**Your goal:**
The result should be the full listing copied exactly, with no pictures in it.

**Information shown:**
::::::::::

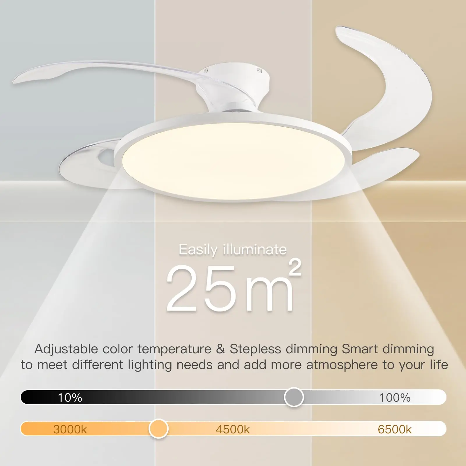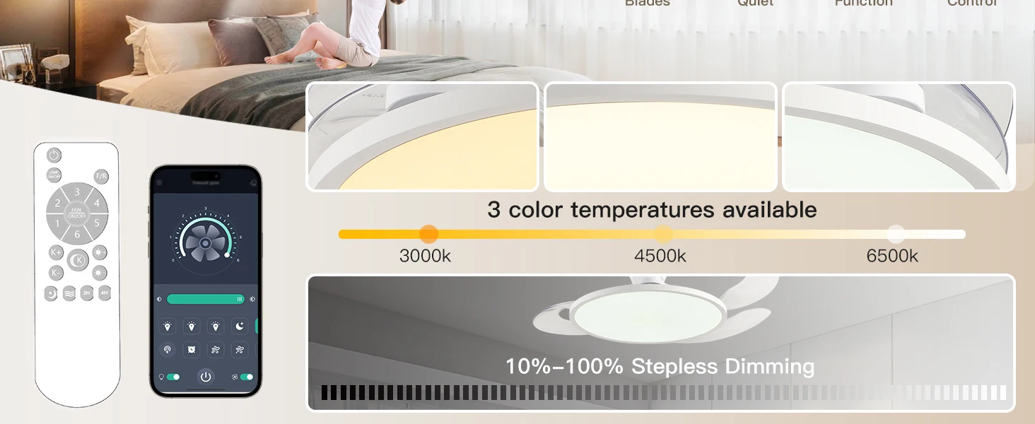 이 현대적이고 심플한 팬 조명은 침실, 거실, 식당, 서재, 주방, 심지어 발코니와 같은 다양한 공간을 다목적으로 쉽게 제어할 수 있습니다. 고품질 LED 광원이 장착되어 있어 색온도를 자유롭게 조절할 수 있으며, 적절한 빛과 그림자 분위기를 연출합니다. 조용한 모터는 안전하고 무독성인 ABS 팬 블레이드와 결합되어 조용하고 안정적으로 작동하며, 온 가족의 편안한 시간을 보호합니다.
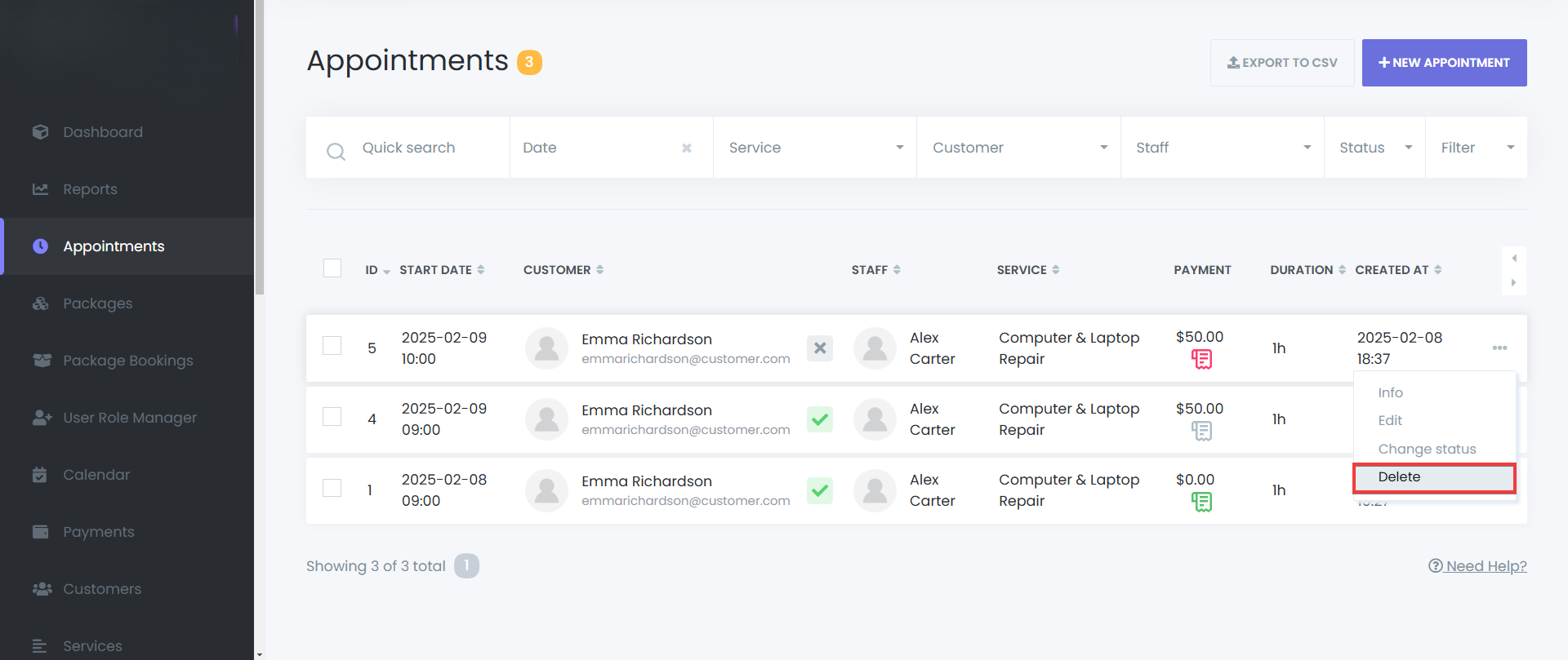 - Single Deletion – Open the menu for an appointment and select Delete.
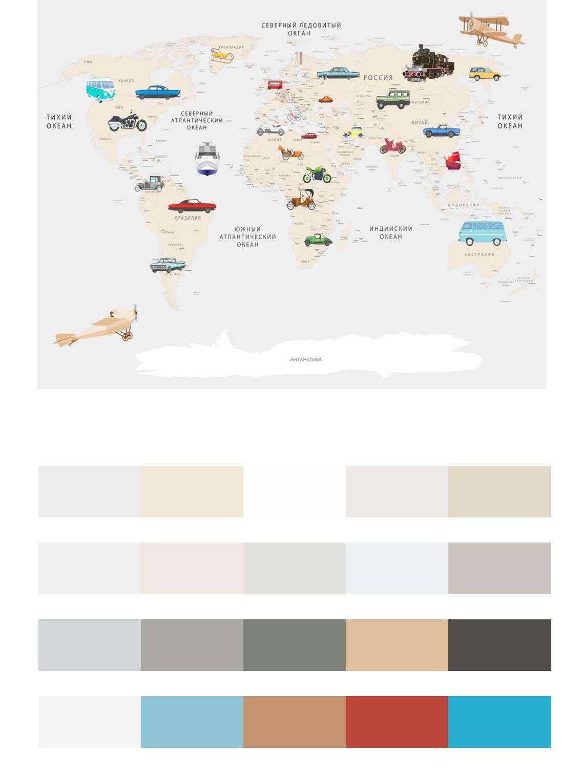Бесшовные обои на стену: Детская карта мира с машинками. Артикул: 14-285

::::::::::

**Response for this exercise:**
 이 현대적이고 심플한 팬 조명은 침실, 거실, 식당, 서재, 주방, 심지어 발코니와 같은 다양한 공간을 다목적으로 쉽게 제어할 수 있습니다. 고품질 LED 광원이 장착되어 있어 색온도를 자유롭게 조절할 수 있으며, 적절한 빛과 그림자 분위기를 연출합니다. 조용한 모터는 안전하고 무독성인 ABS 팬 블레이드와 결합되어 조용하고 안정적으로 작동하며, 온 가족의 편안한 시간을 보호합니다.
 - Single Deletion – Open the menu for an appointment and select Delete.
Бесшовные обои на стену: Детская карта мира с машинками. Артикул: 14-285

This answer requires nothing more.